The qualities pictured in their actions show us how Christians should behave when their friends are in need. They showed us creativity – “where there’s a will, there’s a way,” or just simply “thinking outside the box”; a sense of urgency –  they knew that they their friend needed help, or else they could have just waited until the lecture;  sacrifice – If you want to reach people for Christ, you may have to sacrifice some material things and comfort, and in this sense, a nice roof; persistence – a team effort  – the word team has no letter “I” but jumble it a little bit and it has “me”  because it’s great when several people work together in bringing a common friend to the Lord; and compassion – they are those who recognize Jesus’ power and authority and who seek to share Him with others, often at great personal effort and sacrifice.

We can be the Pharisees and teachers of the law — skeptical, resistant, judgmental, self-centered. We don’t care. We know that we are right and we have the power all the time, and at times sermon-critics who may listen to the teaching of the Bible, but with minds already made up, just waiting for some pretext for our unbelief and rejection.

We can be the homeowners — accommodating, warm, hospitable yet passive and oftentimes always questioning: “Who are these people?” “Who will pay for the roof?” “Who is going to shoulder the food?” “How am I going to clean the house?” And all the “What?” In short, the half-hearted nominal Christians whose take on Christianity is a sort of an association for convenience but really has no deeper understanding of the faith….Or maybe the  gracious homeowners who welcome everybody and make their homes open to all in need.
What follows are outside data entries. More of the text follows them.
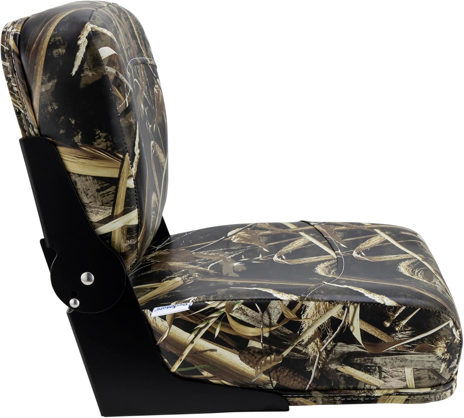 Camouflage 12" Bench Mounted Buddy Boat Seat 12" wide fold down seat with plastic frame Camo Boat seat folds flat and can be strapped shut Bench mounted seat is designed with step back Factory Grade Replacement Seats 6 year full replacement warranty on upholstery 32oz soft to the touch, marine grade seat vinyl Pinchless hinges are powder coated aluminum SEAT DIMENSIONS 12" wide, 16.5" tall, 15.5" depth Heavy duty hold down straps will not stretch or fail Plastic frames with 100% stainless steel hardware All mounting hardware is included (stainless)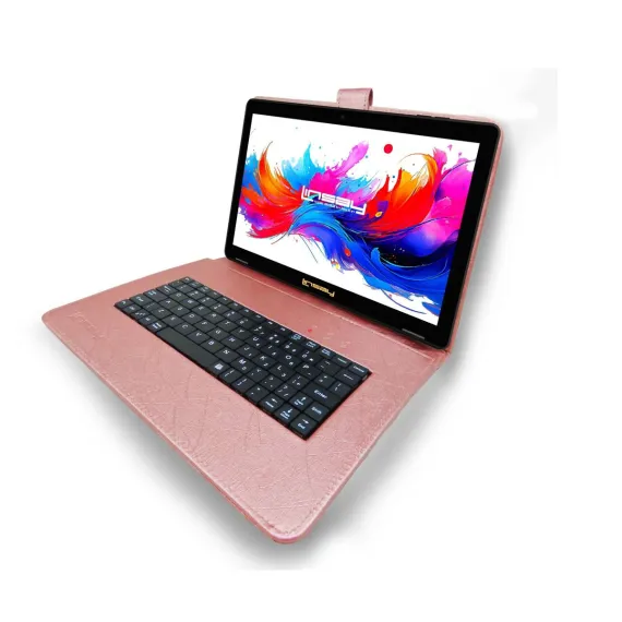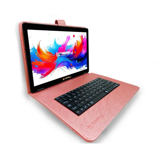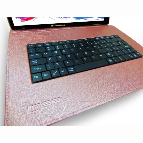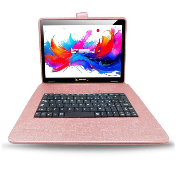 LINSAY® 10.1" Octa Core 256GB STORAGE Android 15 BUNDLE with PINK UNIQUE ORACLE KEYBOARD CASE and TABLET BRIEFCASE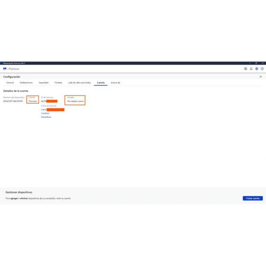 ✅ Esta licencia no se enlaza a tu cuenta de Malwarebytes.com.

The question now is what character are we? Not … who fixed the roof afterwards?

In essence, the text today reminds us that in our daily lives we are guided by what the characters portray in the comedy scene which conveys life in a humorous way. Often there are various and contrasting reactions and thoughts to an event. The victim and his friends  felt  great joy but, in spite of the miracle, the Lawyers and Teachers  left that day even more critical. Because of their pride and critical spirit, the Pharisees went away empty.  On the other hand, because they were needy and came in faith, the four men and their friend went away rejoicing with the friend’s sins forgiven and his body healed.

If we come to church as a proud skeptic, watching for something we don’t agree with to seize upon, we’ll find it.  We’ll go away convinced that we’re right and that the preacher has nothing to offer us.  But if we will come to the fellowship as a needy in soul as this paralytic was in soul and body, believing that Jesus truly can forgive our sins and reconcile us to the holy God, we will go home forgiven, rejoicing and glorifying God.

May the Good Lord forgive us of our sins, and  may we go home fulfilled, always rejoicing. To God be the Glory! Amen.